◆ RECORDED INFORMATION:
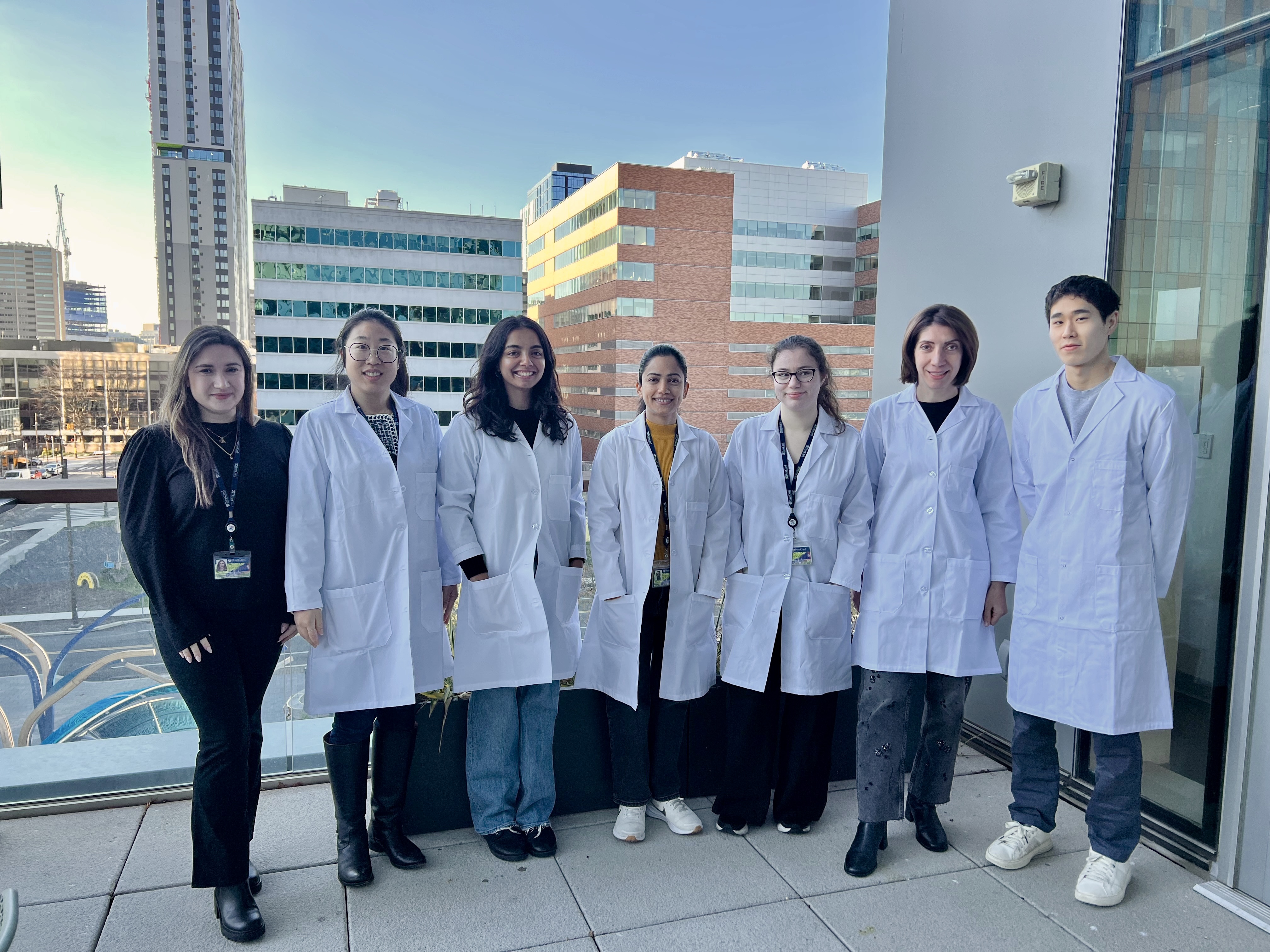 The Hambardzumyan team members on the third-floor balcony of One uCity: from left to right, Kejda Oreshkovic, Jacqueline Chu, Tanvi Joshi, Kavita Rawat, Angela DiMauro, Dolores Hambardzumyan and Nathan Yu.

---

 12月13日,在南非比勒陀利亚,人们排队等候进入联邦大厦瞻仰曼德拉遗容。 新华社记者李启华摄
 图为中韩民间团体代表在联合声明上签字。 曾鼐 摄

◆ YOUR ASSIGNMENT: Reproduce word for word the material above, starting with the line that has "12月13日,在南非比勒陀利" and stopping after the line that has "图为中韩民间团体代表在联合声明上签字。 曾鼐 摄".

◆ RESPONSE FOR THIS EXERCISE:
 12月13日,在南非比勒陀利亚,人们排队等候进入联邦大厦瞻仰曼德拉遗容。 新华社记者李启华摄
 图为中韩民间团体代表在联合声明上签字。 曾鼐 摄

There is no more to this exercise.